Assigned task
Could you retype every line below exactly, omitting the images?

(Beginning of Recorded information)

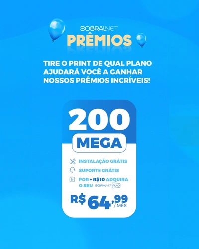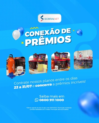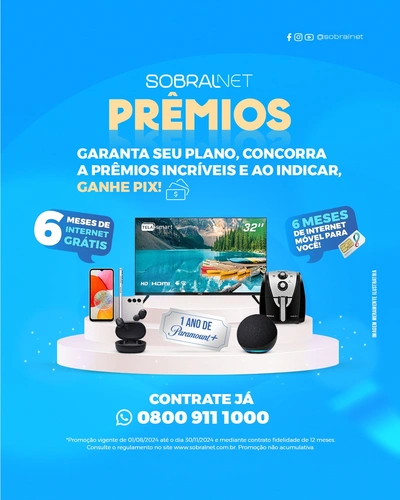 Quer ganhar prêmios incríveis e ainda faturar um PIX? É fácil! Participe da nossa nova promoção: ao garantir um plano você concorre a incríveis prêmios e ao indicar, você ganha PIX. Consulte o regulamento no site www.sobralnet.com.br. Saiba mais em 🟢📞 0800 911 100 Não perca essa oportunidade de ganhar e comemorar com a gente! […]
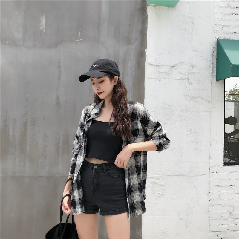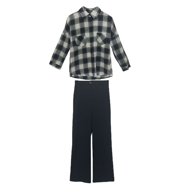 / 套裝女夏2018新款黑色格子薄款長袖襯衣+高腰顯瘦直筒闊腿拖地褲
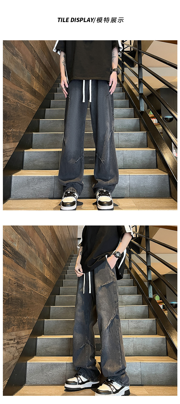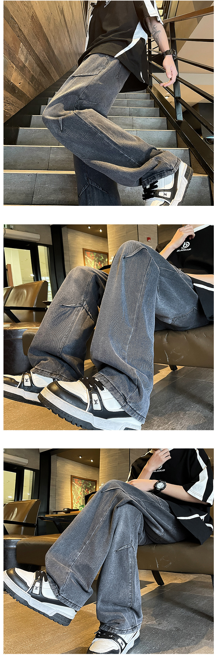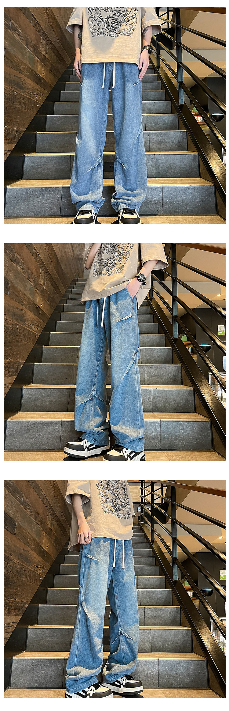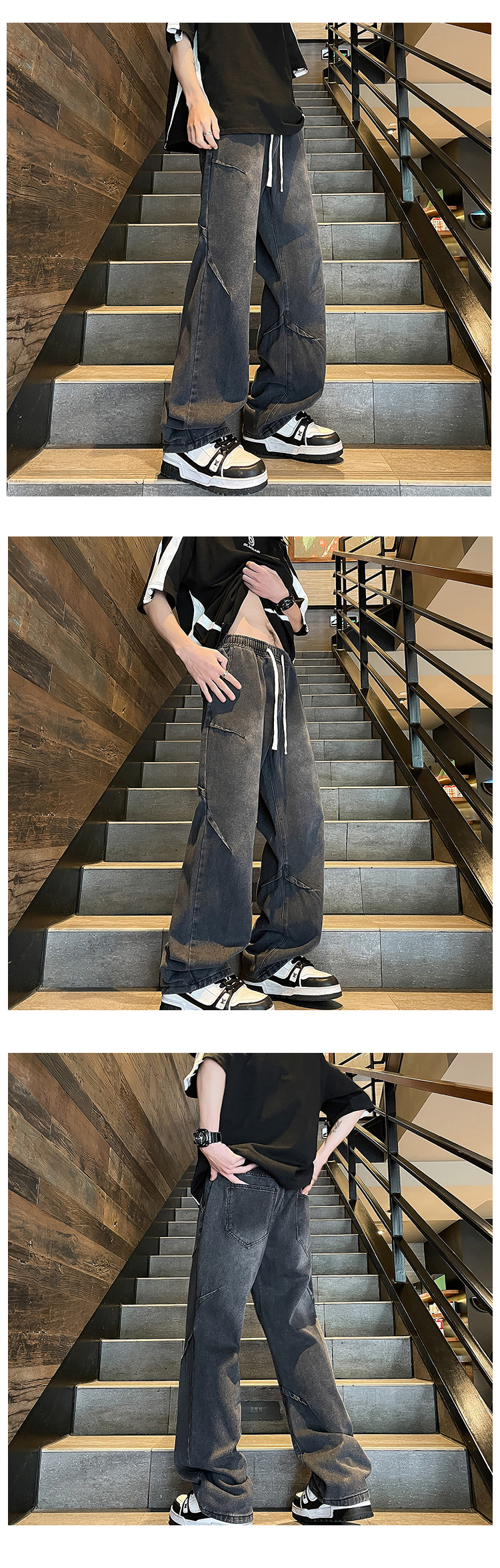 Men's 2024 Spring/Summer new Korean style trendy and individualistic slimming and leg-enhancing men's straight-leg casual jeans

(End of Recorded information)

Response
 Quer ganhar prêmios incríveis e ainda faturar um PIX? É fácil! Participe da nossa nova promoção: ao garantir um plano você concorre a incríveis prêmios e ao indicar, você ganha PIX. Consulte o regulamento no site www.sobralnet.com.br. Saiba mais em 🟢📞 0800 911 100 Não perca essa oportunidade de ganhar e comemorar com a gente! […]
 / 套裝女夏2018新款黑色格子薄款長袖襯衣+高腰顯瘦直筒闊腿拖地褲
 Men's 2024 Spring/Summer new Korean style trendy and individualistic slimming and leg-enhancing men's straight-leg casual jeans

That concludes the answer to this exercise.